Говорят, в год своего возвращения на престол король послал во Францию за ле Нотром, архитектором парка Тюильри, который, осмотрев Сент-Джеймский парк, отказался работать с этим очаровательным лондонским пейзажем. Если это правда, значит, Карлу пришлось действовать самостоятельно, и он с этим справился. Первое, что он сделал, – объединил все водоемы в единый протяженный Голландский канал, предшественник современного озера. Этот канал тянулся от заднего фасада здания Королевской конной гвардии до Букингемского дворца. С одной стороны от него отходили каналы поменьше, проложенные для того, чтобы в них могли гнездиться утки.
Простой народ больше всего восхищался Карлом за его привычку гулять в Сент-Джеймском парке с собаками, часами играть с птицами на Аллее птичьих клеток или кормить уток в канале. Король ничуть не стеснялся показываться своим подданным за этими, казалось бы, не подобающими монарху занятиями. Иногда Карл даже купался и мылся в канале.
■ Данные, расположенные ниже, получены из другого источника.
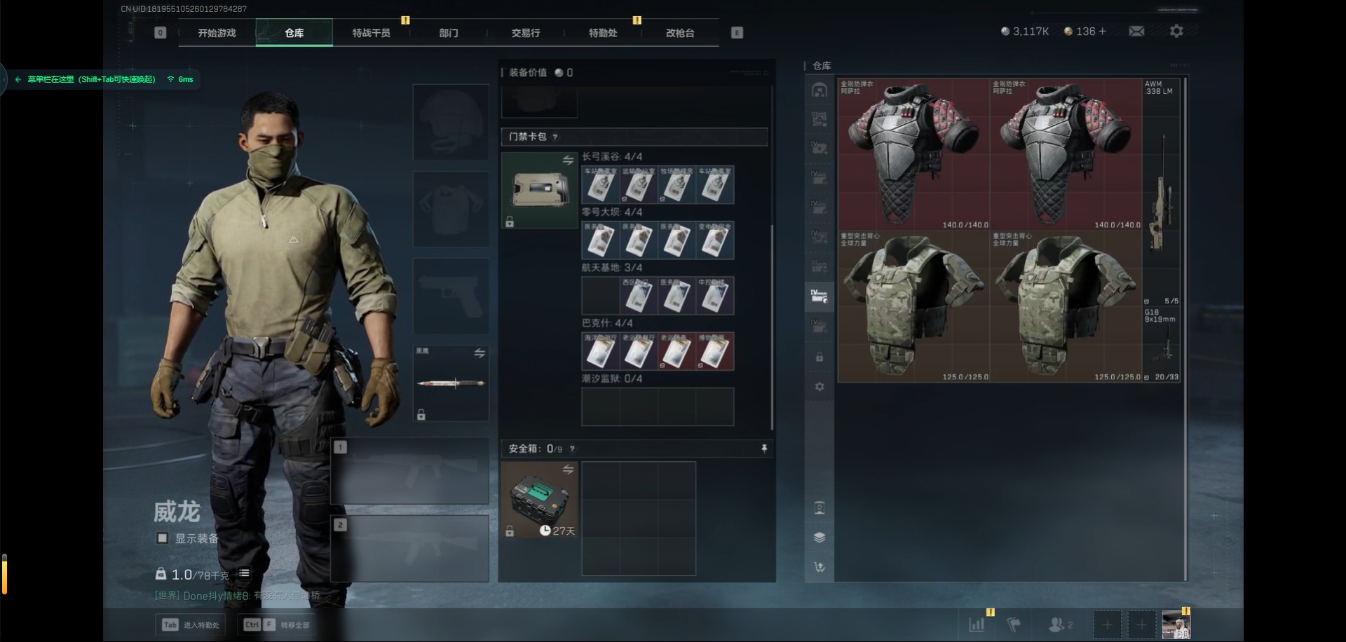 - [11819602]总资产:174.5M 10传说枪械 哈夫币:110K 高级安全箱(2×3)9.15号到期 可二次 可修改实名 烽火地带段位:白银 全面战场段位:列兵 传说武器皮肤:M4A1突击步枪-阿米娅,CAR-15突击步枪-阿米娅,复合弓-黑-天际线,QCQ171冲锋枪-北极星,AK-12突击步枪-特斯拉线圈,SR-3M紧凑突击步枪-特斯拉线圈,UZI冲锋枪-特斯拉线圈,勇士冲锋枪-能天使-午夜邮差,725双管霰弹枪-送葬人-无题密令,K437突击步枪-北极星 史诗武器皮肤:M700狙击步枪-蝮蛇,PKM通用机枪-蝮蛇,SR-3M紧凑突击步枪-荒野求生,SV-98狙击步枪-林中猎手,SVD狙击步枪-荒野求生,SV-98狙击步枪-囚徒,SCAR-H战斗步枪-囚徒,腾龙突击步枪-无垢,MP7冲锋枪-无垢,PSG-1射手步枪-无垢

Пеликаны Сент-Джеймского парка – одна из главных достопримечательностей Лондона, но мало кто знает, что эти птицы – напоминание о Карле, Нелл Гвин, Пипсе и Рене. Первый пеликан был подарен Карлу русским послом; Ивлин, увидевший птицу в феврале 1664 года, записал в дневнике:
«Зайдя в Сент-Джеймский парк, увидел я различных животных и заглянул в клюв Onocrotylus, или пеликана, птицы средней между журавлем и лебедем, крупной и меланхоличной, привезенной русским послом из Астрахани. Занятно было наблюдать, как этот пеликан переворачивает плоскую рыбину, камбалу или палтуса, дабы отправить прямо в глотку, а мешок под клювом сильно растягивается, дабы рыба поместилась целиком».
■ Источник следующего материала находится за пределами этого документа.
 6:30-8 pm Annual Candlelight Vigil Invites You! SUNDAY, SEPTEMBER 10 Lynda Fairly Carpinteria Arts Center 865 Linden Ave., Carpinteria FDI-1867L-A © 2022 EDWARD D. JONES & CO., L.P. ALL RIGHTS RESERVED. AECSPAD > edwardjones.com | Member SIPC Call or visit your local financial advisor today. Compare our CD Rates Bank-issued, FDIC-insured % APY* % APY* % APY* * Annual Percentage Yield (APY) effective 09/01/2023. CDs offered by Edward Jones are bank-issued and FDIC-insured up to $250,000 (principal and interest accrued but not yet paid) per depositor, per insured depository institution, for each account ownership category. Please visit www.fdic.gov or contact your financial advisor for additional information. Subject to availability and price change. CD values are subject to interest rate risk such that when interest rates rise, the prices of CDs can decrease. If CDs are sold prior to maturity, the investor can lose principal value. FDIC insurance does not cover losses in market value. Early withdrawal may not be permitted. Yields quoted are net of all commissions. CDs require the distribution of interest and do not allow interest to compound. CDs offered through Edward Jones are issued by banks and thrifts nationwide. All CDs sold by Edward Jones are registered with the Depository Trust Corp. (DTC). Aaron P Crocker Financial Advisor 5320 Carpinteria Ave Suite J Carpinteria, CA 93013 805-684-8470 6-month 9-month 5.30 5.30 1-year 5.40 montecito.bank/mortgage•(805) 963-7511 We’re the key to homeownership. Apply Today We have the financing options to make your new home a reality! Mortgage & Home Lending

Карл часто терял в парке своих любимцев – как все избалованные собаки, они часто заигрывались и не обращали внимания на королевские окрики, – и в газетах того времени нередко печатались объявления о пропаже. В «London Gazette» от ноября 1671 года значилось:
«Четыре или пять дней назад в Сент-Джеймском парке потерялась собака Его Величества, в голубых пятнышках, с белой полосой на лбу, в холке не выше голубя-вертуна».
Считается, что следующее горькое объявление написано Карлом собственноручно:
«Мы вновь обращаемся к вам с просьбой найти Нашу собаку. Порода – между борзой и спаниелем. Шерсть – короткая, черная, ни единого белого пятнышка. Это личная собака Его Величества; она несомненно была украдена, ибо эта собака родилась и воспитывалась не в Англии и ни за что не покинула бы своего хозяина. Кто найдет эту собаку, должен сообщить о находке в Уайтхолл, где эту собаку знают все и каждый. Неужто народ никогда не перестанет грабить Его Величество? Или Нам впредь не заводить собак? Место этой собаки (не такое уж и плохое) – единственное, которого никто не сможет занять».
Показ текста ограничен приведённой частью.